We approve the approach adopted by the Tax Court in Gallagher,supra, and we feel it was appropriately applied by the Tax Court in this case. The only point upon which we see any need to expand upon the Tax Court's decision is the Commissioner's argument that, if the business of the liquidated corporation is continued by the new corporation, there is no 'complete liquidation' within the meaning of Sections 331 and 337. This argument, apparently derived from an early report of the Senate Finance Committee, S.Rep. No. 398, 68th Cong., 1st Sess. 12 (1924) and from Treas.Regs. 1-332-2(c) (1955) has been accepted in a dictum by the Fourth Circuit in a decision subsequent to the Tax Court's decision in the instant case. Pridemark, Inc. v. Commissioner, 345 F.2d 35, 41 (4 Cir. 1965).

12

We are in complete agreement with the Tax Court's resolution of this issue; its interpretation reflects the normal meaning of the words 'complete liquidation' in Sections 331 and 337. To adopt the Commissioner's contention would do violence to the plain meaning of these statutes. It is inconceivable that the Berghashes would intentionally have reincorporated a corporation with a net worth of $124,000 if this would require them to pay income taxes of approximately $100,000, as the Commissioner here asserts are owing.
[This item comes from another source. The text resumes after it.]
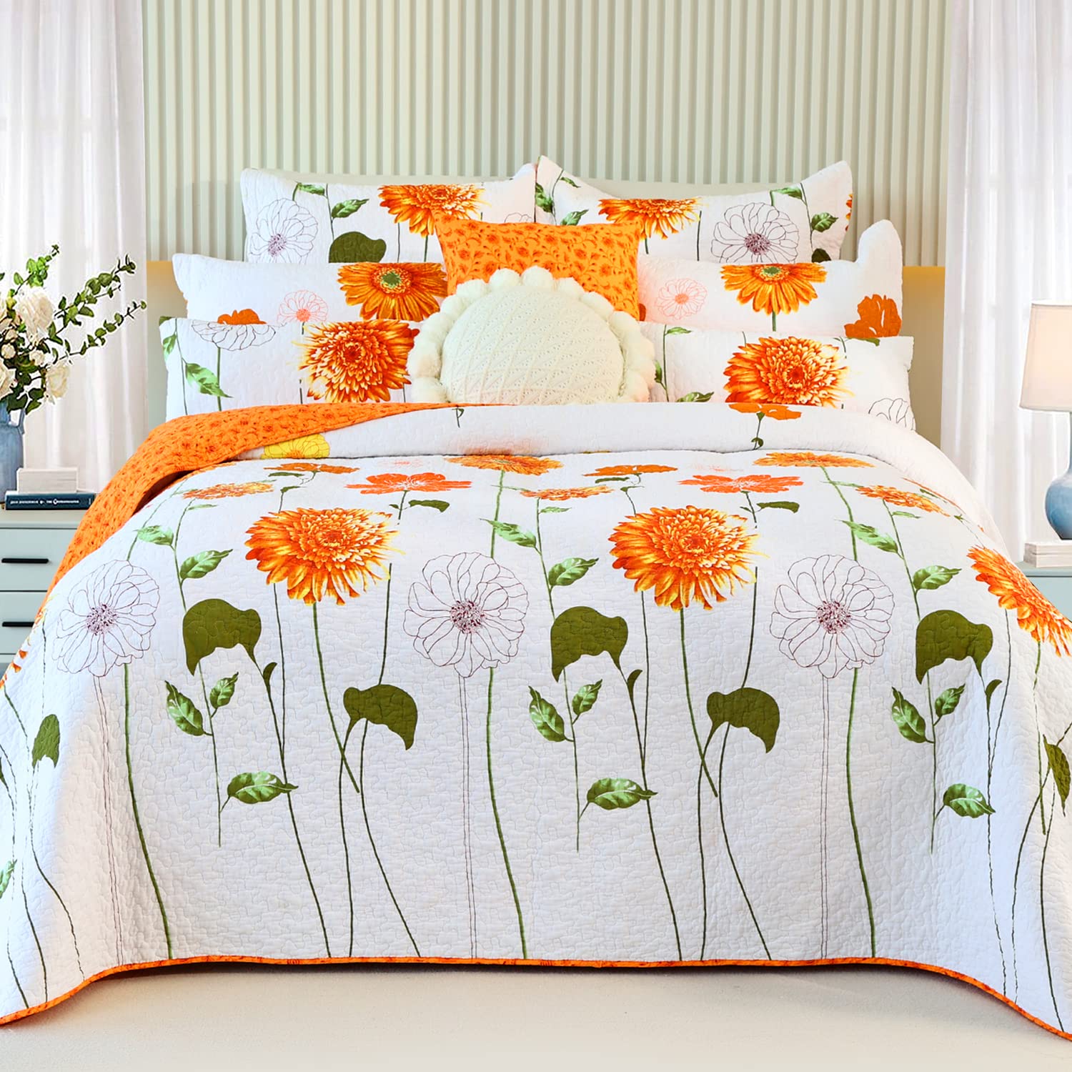 - The vivid orange sunflower and dahli on the bed cover in the crispy white shades contrast a distinctive look. By quilting the batting firmly with the shell to ensure the insert will not move and will be machine wash easily. While the bedspread back in same orange shade to coordinate with the flowers allows the coverlet be reversible beautifully.

We can only conclude that the Tax Court's result is consistent with the intent of Congress, which considered the reincorporation problem in 19547 but rejected specific proposals for dealing with it as the Commissioner suggests.

13

The decision of the Tax Court is affirmed.

1

26 U.S.C. 331

331

Gain or loss to shareholders in corporate liquidations

(a) General rule.--

(1) Complete liquidations.-- Amounts distributed in complete liquidation of a corporation shall be treated as in full payment in exchange for the stock.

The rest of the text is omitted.